Türk izleyicisinin alışkanlıklarına hitap eden, yerli yapımlara yer veren bir stratejisi var. “Atiye”, “Bir Başkadır” gibi yapımlarla bizden hikâyeler anlatmaya çalıştı.
HBO Max ise henüz bu konuda temkinli adımlar atıyor. Belki zamanla Türkiye özelinde daha fazla yatırım yapacak. Ancak şu an sunduğu az sayıdaki iş bile, hikâye anlatımındaki kaliteyi hissettiriyor.
İşin bir de teknik tarafı var. Netflix’in algoritması, her adımımızı izliyor, neler sevdiğimizi çözüp karşımıza "tam bize göre" öneriler çıkarıyor.

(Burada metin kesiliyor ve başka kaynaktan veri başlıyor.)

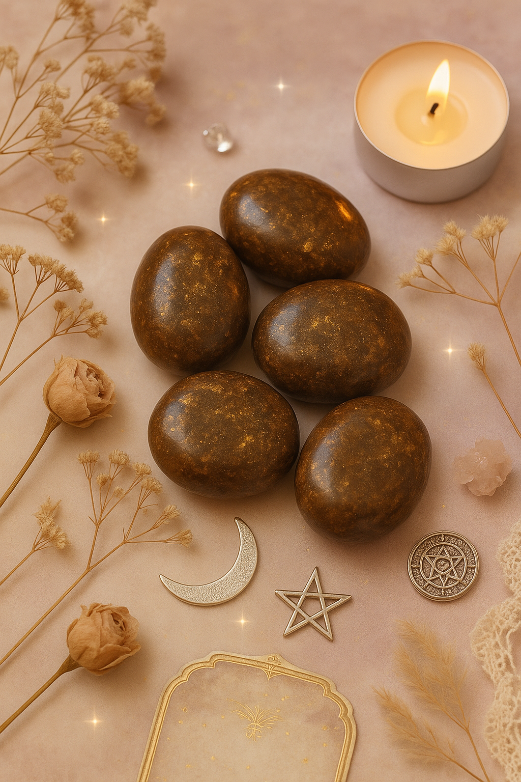 Pierres polies en bronzite – Force intérieure & ancrage protecteur : La bronzite est une pierre d’enracinement et de stabilité. Polie avec soin, elle révèle ses reflets dorés et son énergie apaisante. Idéale pour retrouver calme, courage et clarté dans les moments de tension. Elle agit comme un bouclier doux, ramenant équilibre et confiance en soi. Un compagnon précieux à glisser dans la poche, sur l’autel ou à utiliser en rituel.

HBO Max’te ise algoritmanın parıltısından çok küratörlüğün sesi var. Sanki bir arkadaşımız "bunu kesin seversin" diyormuş gibi bir hisle öneriyor içeriklerini.

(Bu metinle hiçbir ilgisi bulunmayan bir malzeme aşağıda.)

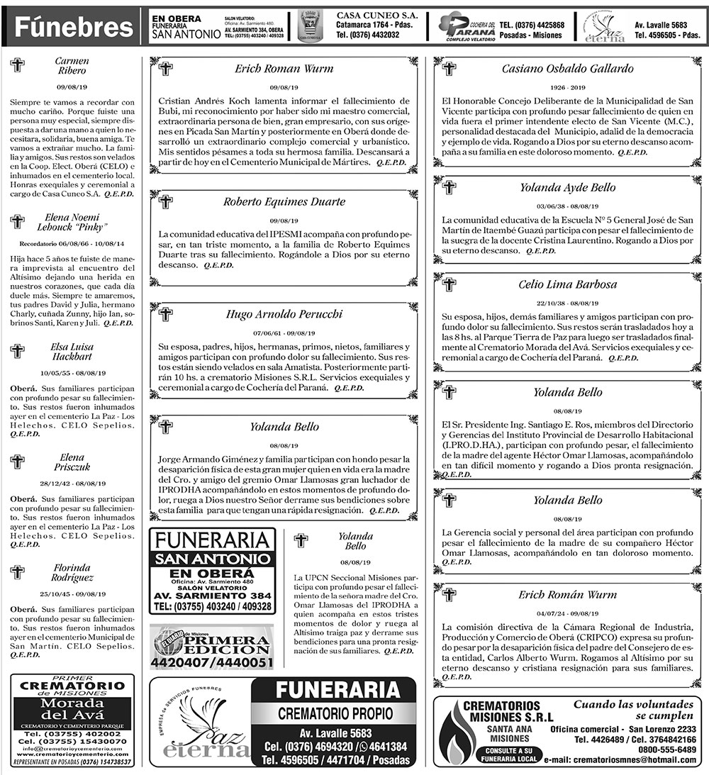 Fúnebres del sábado 10 de agosto de 2019

Bu iki dev platform, aslında hayatın iki ayrı ritmini temsil ediyor:
Netflix, günümüzün hızlı tüketim alışkanlıklarını; HBO Max ise zaman ayırmaya değer anlatıları. Hangisi derseniz, bence bu biraz günün ruhuna bağlı.
Bazen yoğun bir günün ardından, çabucak birkaç bölüm izleyip rahatlamak istiyorum ve Netflix'e kaçıyorum.
Ama bazen, özellikle gecenin sessiz saatlerinde, bir battaniyeye sarılıp derin bir hikâyeye dalmak istiyorum; işte o zaman HBO Max’te buluyorum kendimi.
Sonuçta, ister Netflix’in renkli dünyasında kaybolalım, ister HBO Max’in seçkin hikâyelerinde yolculuğa çıkalım, önemli olan izlediğimiz hikâyede kendimizi bulabilmek.
Çünkü bazen bir dizi sadece zaman geçirmek için değil, bir parçamıza dokunmak için izlenir.
Pekii, sizin için hangisi daha yakın? Hızlı bir kahkaha mı, yoksa derin bir hikâye mi?
Seçim sizin. Ekran başında buluşmak üzere.